The status bar indicator in the bottom right corner shows that EditPad is using the Windows 874 code page, which is Microsoft’s extension of TIS-620. You can enable that status bar indicator via Options, Preferences, Statusbar in EditPad Pro (but not Lite).

To make the HTML file without the meta tag display correctly in EditPad, you can use the Text Encoding item in the Convert menu. Select the “interpret” option, and Windows 874 as the new encoding. The “interpret” option tells EditPad that the file’s contents are correct (and should remain unchanged), but that it isn’t being displayed with the right character set. This is the same as telling your web browser to display the file with a different encoding.

Changing the encoding this way is only a temporary solution. If you close and reopen the file, it will be shown with the default encoding again. While you could change the default in Options, Configure File Types, Encoding, your file still won’t be displayed correctly on other people’s computers, and other files on your computer may now be displayed incorrectly.

The solution is to add the proper meta tag. In EditPad (Lite and Pro), you can paste it right in:

If you then try to save the file, EditPad will give you a warning:

The warning may seem a bit scary because it’s so verbose, but it’s really quite simple. We pasted a meta tag that says TIS-620 into a file that EditPad is showing with the Windows 1252 code page. EditPad knows that when you open the file again in EditPad or in a browser, it will be displayed with TIS-620 (or Windows 874) instead of Windows 1252. EditPad asks you to choose which is correct: the encoding specified by the meta tag, or the encoding EditPad is displaying the file with.

In this case, we pasted in the correct meta tag into a file that EditPad is displaying with the wrong encoding. The proper response to the warning is to click the Keep Meta Tag button. EditPad then saves the file, and automatically updates the display to use Windows 874 as the meta tag specifies.

If you want to avoid the warning, you’d have to use Convert, Text Encoding first to interpret the file as Windows 874, then paste in the meta tag, and then save.

Now for a different scenario. Say you have created a proper English web page using the ISO-8859-1 code page, better known as Latin 1:

You send this file to your Thai translator, who uses Notepad to come up with this:

Your translator saves the file using the ANSI setting in Notepad, which means Windows 874 on a Thai computer. Notepad doesn’t care about the incorrect meta tag. It only supports UTF-8, UTF-16, and “ANSI”, which means whichever Windows code page that happens to be your computer’s default. But when you open your translator’s file in your browser or in EditPad, you get:

That’s obviously not right. While you could fix this by pasting in the right meta tag like we did earlier, let’s assume you don’t know which meta tag to use for Thai. To get the file to display correctly in EditPad, you use the Text Encoding item in the Convert menu to interpret the file with Windows 874 for Thai. That’s easy, because the Text Encoding dialog box indicates the languages that each encoding is used for, and it shows a preview of what the file will look like. Now the text is readable:

But the meta tag is still wrong. When you save, you get the same warning as you did before:

This time, EditPad is showing the file with the Windows 874 code page, but EditPad knows that when you open the file again in EditPad or in a browser, it will be displayed with the ISO-8859-1 code page specified by the meta tag. Again, EditPad asks you to choose which is correct: the encoding specified by the meta tag, or the encoding EditPad is displaying the file with.
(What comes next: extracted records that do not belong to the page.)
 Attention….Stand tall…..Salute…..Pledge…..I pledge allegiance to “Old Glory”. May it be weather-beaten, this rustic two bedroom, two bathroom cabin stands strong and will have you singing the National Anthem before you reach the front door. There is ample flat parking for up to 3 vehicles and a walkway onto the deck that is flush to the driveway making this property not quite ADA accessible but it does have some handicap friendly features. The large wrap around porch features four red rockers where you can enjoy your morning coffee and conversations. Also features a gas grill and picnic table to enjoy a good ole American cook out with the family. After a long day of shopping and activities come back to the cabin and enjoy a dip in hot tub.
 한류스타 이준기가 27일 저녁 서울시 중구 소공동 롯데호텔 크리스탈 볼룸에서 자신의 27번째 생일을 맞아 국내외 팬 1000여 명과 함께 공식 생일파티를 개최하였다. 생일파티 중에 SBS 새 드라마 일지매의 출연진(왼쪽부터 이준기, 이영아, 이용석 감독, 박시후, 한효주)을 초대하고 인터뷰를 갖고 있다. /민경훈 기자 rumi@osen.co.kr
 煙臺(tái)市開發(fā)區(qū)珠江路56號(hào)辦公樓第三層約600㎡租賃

This time, the meta tag is wrong. Thus, you need to click the Change Meta Tag button. This tells EditPad to keep the file’s display as it is, but to change the charset=ISO-8859-1 bit in the HTML file into charset=tis-620.
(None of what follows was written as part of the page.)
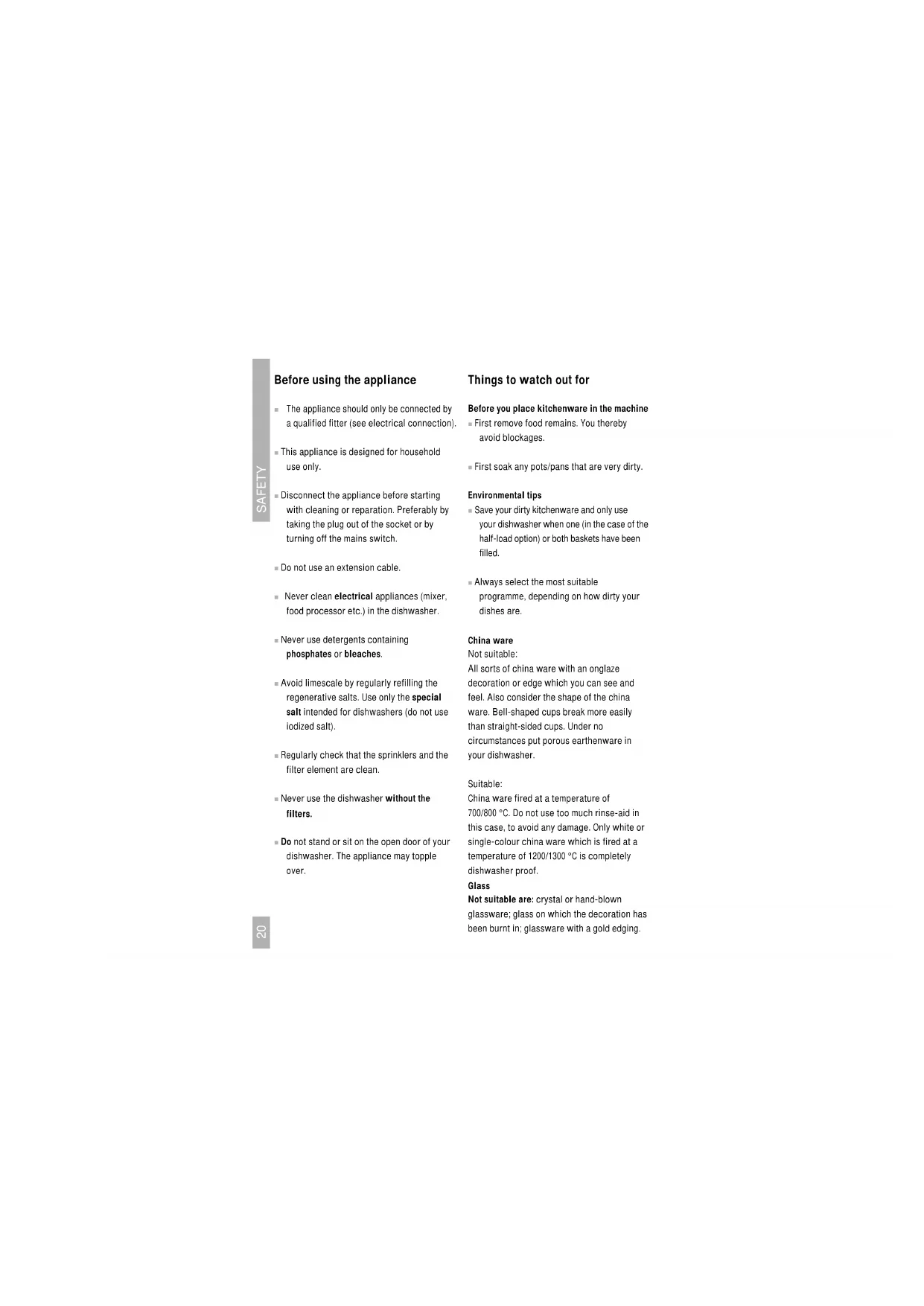 The appliance should only be connected by a qualified fitter (see electrical connection). ■ This appliance is designed for household use only. ■ Disconnect the appliance before starting with cleaning or reparation. Preferably by taking the plug out of the socket or by turning off the mains switch. ■ Do not use an extension cable. ■ Never clean electrical appliances (mixer, food processor etc.) in the dishwasher. ■ Never use detergents containing phosphates or bleaches. ■ Avoid limescale by regularly refilling the regenerative salts. Use only the special salt intended for dishwashers (do not use iodized salt). ■ Regularly check that the sprinklers and the filter element are clean. ■ Never use the dishwasher without the filters. ■ Do not stand or sit on the open door of your dishwasher. The appliance may topple over. Things to watch out for Before you place kitchenware in the machine ■ First remove food remains. You thereby avoid blockages. ■ First soak any pots/pans that are very dirty. Environmental tips ■ Save your dirty kitchenware and only use your dishwasher when one (in the case of the half-load option) or both baskets have been filled. ■ Always select the most suitable programme, depending on how dirty your dishes are. China ware Not suitable: All sorts of china ware with an onglaze decoration or edge which you can see and feel. Also consider the shape of the china ware. Bell-shaped cups break more easily than straight-sided cups. Under no circumstances put porous earthenware in your dishwasher. Suitable: China ware fired at a temperature of 700/800 °C. Do not use too much rinse-aid in this case, to avoid any damage. Only white or single-colour china ware which is fired at a temperature of 1200/1300 °C is completely dishwasher proof. Glass Not suitable are: crystal or hand-blown glassware; glass on which the decoration has been burnt in; glassware with a gold edging.Suitable: all other glass. Cutlery Not suitable: Cutlery with a wooden, earthenware or china- ware handle. There is a big risk of cracks. In fact, there is a big risk of cracks for all wooden objects washed in a dishwasher. Cutlery made of chromium steel is not very suitable for washing in the dishwasher. In the case of this cutlery, there is a risk of corrosion (rust). Suitable: Cutlery made of chromium nickel steel 18/10. This high-quality cutlery is rustproof and acid- resistant. However, the blade of a knife may be made of a different material. Watch out for this. Silver or silver-plated cutlery is also dishwasher proof. But in this case the rinse- aid used must not contain any citric acid, since this damages the silver. Moreover, regular washing in the dishwasher may result in the silver becoming scratched. Attention: You will get longer-lasting pleasure from your cutlery and dishwasher if you follow these tips: ■ After using the cutlery - especially knives - rinse it under the tap. You hereby prevent it being damaged by food remains containing salt and acid. ■ Always place knives, forks and spoons in the dishwasher with the handle downwards. ■ Do not put chromium nickel steel cutlery and chromium steel cutlery together in the dishwasher. Otherwise, you run the risk of rust contamination. ■ Take the cutlery out of the dishwasher immediately after the rinsing programme and dry it with a cloth. Never leave damp cutlery in the dishwasher. ■ Never put silver and stainless steel cutlery in one basket together. ■ Silver cutlery should never be allowed to come into contact with aluminium, since this can damage the silver. ■ Plastic pan handles can become dull. Furthermore... ■ Plastic objects must be heat-resistant. ■ Aluminium pans, kitchenware and various types of glassware may become discoloured after being washed several times in the dishwasher. Certain sorts of decoration may lose their colour. ■ Watch out for the indication "Suitable for the dishwasher" in the case of glazed pottery. ■ When you buy new tableware, look for forms which are suitable for the dishwasher: such as straight, smooth sides, large openings, cavities which are not too deep, dishwasher-proof decoration, cutlery and earthenware.

EditPad knows the code page names of all the encodings that is supports. If you don’t know the proper meta tag, EditPad will correct it for you if you specify a valid but incorrect meta tag. E.g. if your file specifies charset=utf-8 but you’re not using UTF-8, EditPad will offer to change. If your file specifies charset=doesnotexist, EditPad ignores the meta tag that it doesn’t understand.